The development in atmospheric pressure suits stagnated in the 1940s through 1960s, as efforts were concentrated on solving the problems of deep diving by dealing with the physiological problems of ambient pressure diving instead of avoiding them by isolating the diver from the pressure. Although the advances in ambient pressure diving (in particular, with scuba gear) were significant, the limitations brought renewed interest to the development of the ADS in the late 1960s.
The JIM suit
The Tritonia suit spent about 30 years in an engineering company's warehouse in Glasgow, where it was discovered, with Peress' help, by two partners in the British firm Underwater Marine Equipment, Mike Humphrey and Mike Borrow, in the mid-1960s. UMEL would later classify Peress' suit as the "A.D.S Type I", a designation system that would be continued by the company for later models. In 1969, Peress was asked to become a consultant to the new company created to develop the JIM suit, named in honour of the diver Jim Jarret.

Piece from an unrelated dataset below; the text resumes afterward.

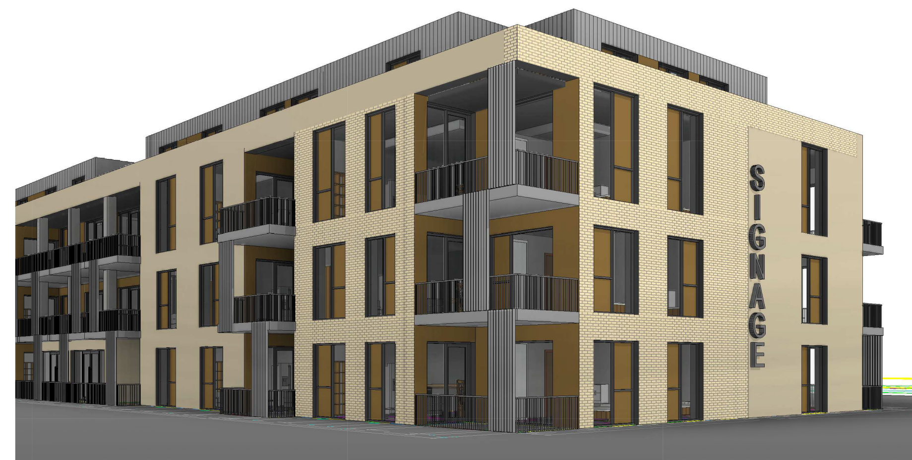
3 3D View. 1:100

NOTE: Levels shown on architectural block plans relate to local Ground Floor Level and do not relate to Ordnance Datum. For Finished Ground Floor Levels related to Ordnance Datum see DBFL Engineers drawings numbered. 180002-2000 Roads Layout / 180002-2001 Roads Layout Sheet 1 / 180002-2002 Roads Layout Sheet 2

The Tritonia suit was upgraded into the first JIM suit, completed in November 1971. This suit underwent trials aboard HMS Reclaim in early 1972, and in 1976, the JIM suit set a record for the longest working dive below 490 feet (150 m), lasting five hours and 59 minutes at a depth of 905 feet (276 m). The first JIM suits were constructed from cast magnesium for its high strength-to-weight ratio and weighed approximately 1,100 pounds (500 kg) in air including the diver. They were 6 feet 6 inches (2.0 m) in height and had a maximum operating depth of 1,500 feet (460 m). The suit had a positive buoyancy of 15 to 50 pounds (6.8 to 22.7 kg). Ballast was attached to the suit's front and could be jettisoned from within, allowing the operator to ascend to the surface at approximately 100 feet (30 m) per minute. The suit also incorporated a communication link and a jettisonable umbilical connection. The original JIM suit had eight annular oil-supported universal joints, one in each shoulder and lower arm, and one at each hip and knee. The JIM operator received air through an oral/nasal mask that attached to a lung-powered scrubber that had a life-support duration of approximately 72 hours, although actual survival for this time would have been unlikely due to thermal transfer through the magnesium body.
As technology improved and operational knowledge grew, Oceaneering upgraded their fleet of JIMs. The magnesium construction was replaced with glass-reinforced plastic (GRP) and the single joints with segmented ones, each allowing seven degrees of motion, and when added together giving the operator a very great range of motion. In addition, the four-port domed top of the suit was replaced by a transparent acrylic one that was taken from Wasp, this allowed the operator a much-improved field of vision. Trials were also carried out by the Ministry of Defence on a flying Jim suit powered from the surface through an umbilical cable. This resulted in a hybrid suit with the ability of working on the sea bed as well as mid water.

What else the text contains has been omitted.